Última revisión
10/01/2013
Sentencia Civil Nº 338/2010, Audiencia Provincial de Castellon, Sección 3, Rec 111/2010 de 29 de Octubre de 2010
GPT Iberley IA
Copiloto jurídico
Relacionados:
Tiempo de lectura: 14 min
Orden: Civil
Fecha: 29 de Octubre de 2010
Tribunal: AP - Castellon
Ponente: GIMENEZ RAMON, RAFAEL
Nº de sentencia: 338/2010
Núm. Cendoj: 12040370032010100349
Encabezamiento
AUDIENCIA PROVINCIAL DE CASTELLÓN
SECCIÓN TERCERA
Rollo de apelación civil número 111 de 2010
Juzgado de 1ª Instancia número 3 de Nules
Juicio Ordinario número 295 de 2005
SENTENCIA NÚM. 338 de 2010
Ilmos. Sres.:
Presidente:
Doña ADELA BARDÓN MARTÍNEZ
Magistrados:
Doña Mª ANGELES GIL MARQUÉS
Don RAFAEL GIMÉNEZ RAMÓN
En la Ciudad de Castellón, a veintinueve de Octubre de dos mil diez.
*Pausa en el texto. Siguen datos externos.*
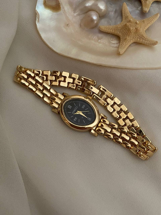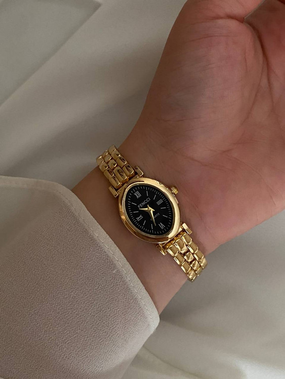 ساعت فنسی بیضی طلایی مشکی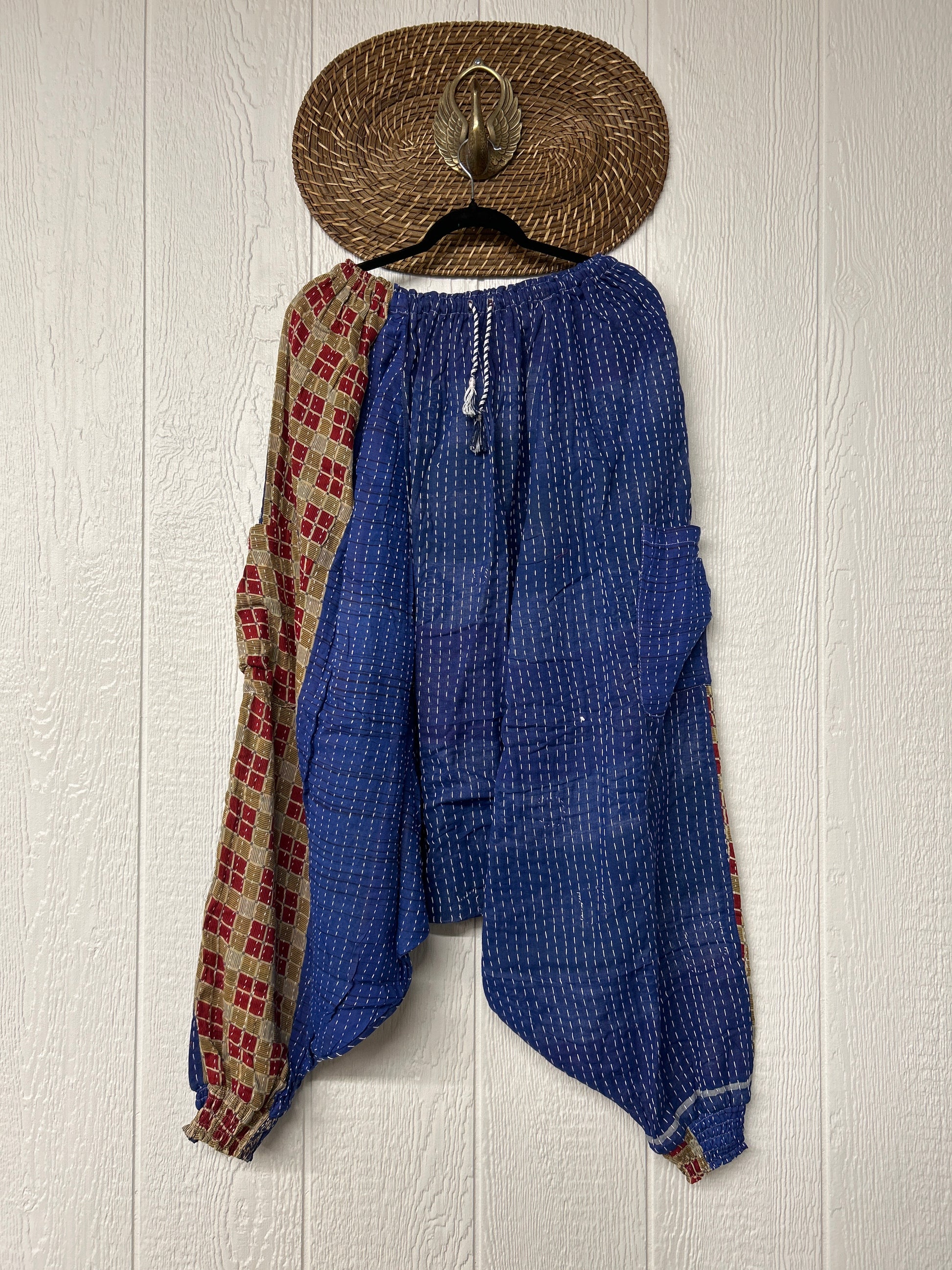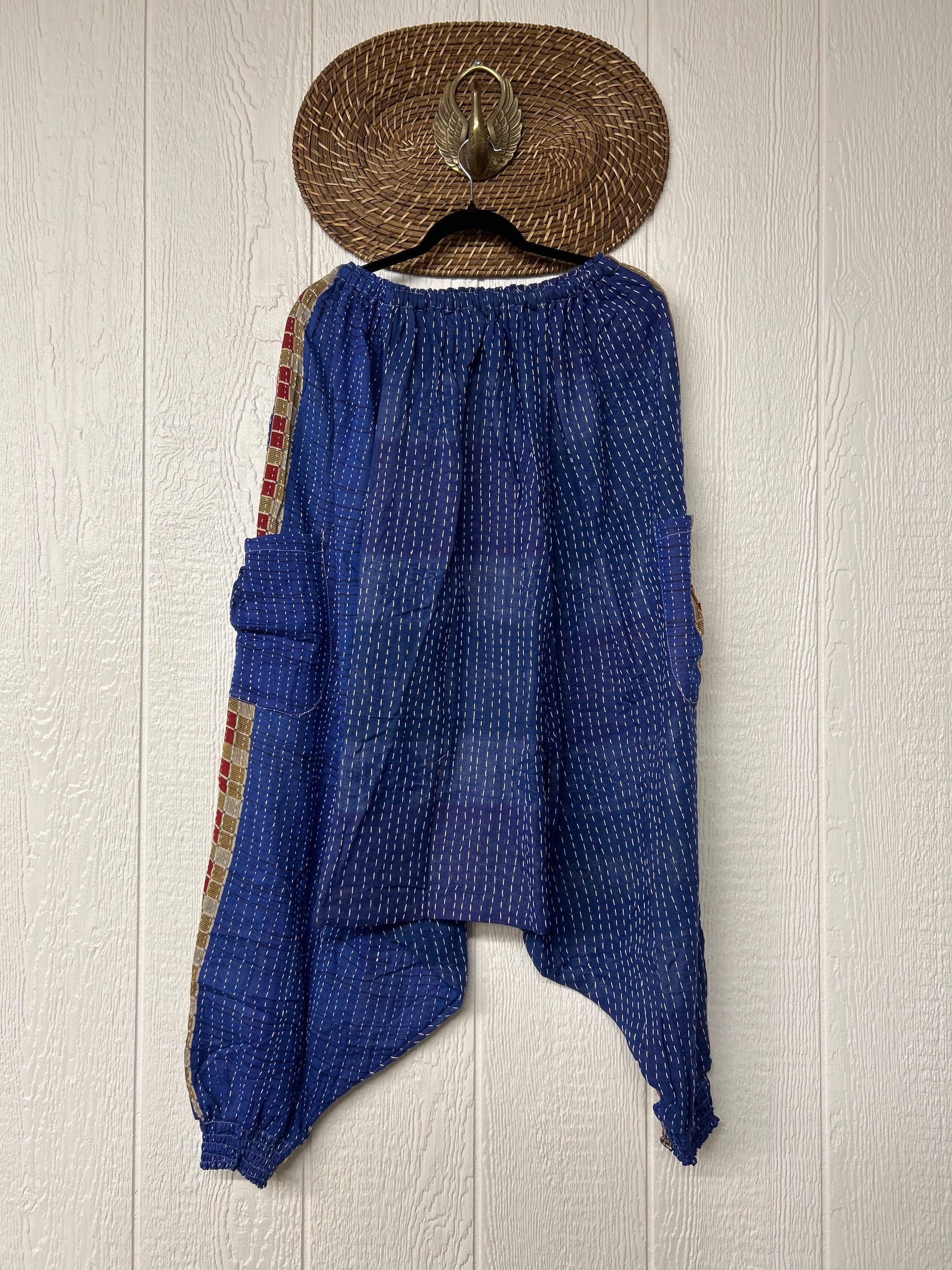 Made from our vintage kantha cotton sari with a super slouchy low harem crotch drop, slouchy exterior pockets, elastic waist with drawstring snd soft smocked elastic on the ankles.

La Sección Tercera de la Audiencia Provincial de Castellón, constituida con los Ilmos. Sres. referenciados al margen, ha visto el presente recurso de apelación interpuesto contra la Sentencia dictada el día treinta y uno de Julio de dos mil nueve por la Sra. Juez del Juzgado de 1ª Instancia número 3 de Nules en los autos de Juicio Ordinario seguidos en dicho Juzgado con el número 295 de 2005.
Han sido partes en el recurso, como apelante, Don Eutimio , representado por el Procurador Don Rafael Breva Sanchís y defendido por la Letrada Doña Sonia Martí Vicent, y como apelados, Mutua Segorbina, representada por la Procuradora Doña Mª Teresa Palau Jericó y defendida por el Letrado Don Saturnino Solano Costa; Construcciones Paco Colas, S.L. y Don Higinio , representados por la Procuradora Doña Mª Teresa Palau Jericó y defendidos por el Letrado Don Ignacio Navarro Giménez; y Construcciones Ulgiso Coop. Valenciana y Fiatc Mutua de Seguros y Reaseguros, representados por la Procuradora Doña Pilar Sanz Yuste y defendidos por el Letrado Don Rubén Barreda García.
Es Magistrado Ponente el Ilmo. Sr. Don RAFAEL GIMÉNEZ RAMÓN.
Antecedentes
PRIMERO.- El Fallo de la Sentencia apelada literalmente establece: "DESESTIMO la demanda interpuesta por el Procurador D. Rafael Breva Sanchís en nombre y representación de D. Eutimio y ABSUELVO a CONSTRUCCIONES ULGISO COOP. VALENCIANA, a FIATC MUTUA DE SEGUROS, a CONSTRUCCIONES PACO COLÁS S.L., a D. Higinio y a MUTUA SEGORBINA DE SEGUROS A PRIMA FIJA de las pretensiones contra las mismas deducidas.
En relación a las costas del presente procedimiento, se imponen a D. Eutimio .- Notifíquese...- Líbrese...- Así...-"
SEGUNDO.- Notificada dicha Sentencia a las partes, por la representación procesal de Don Eutimio , se interpuso recurso de apelación en tiempo y forma solicitando se dicte Sentencia estimando íntegramente la demanda interpuesta, con imposición de costas a quien se opusiere.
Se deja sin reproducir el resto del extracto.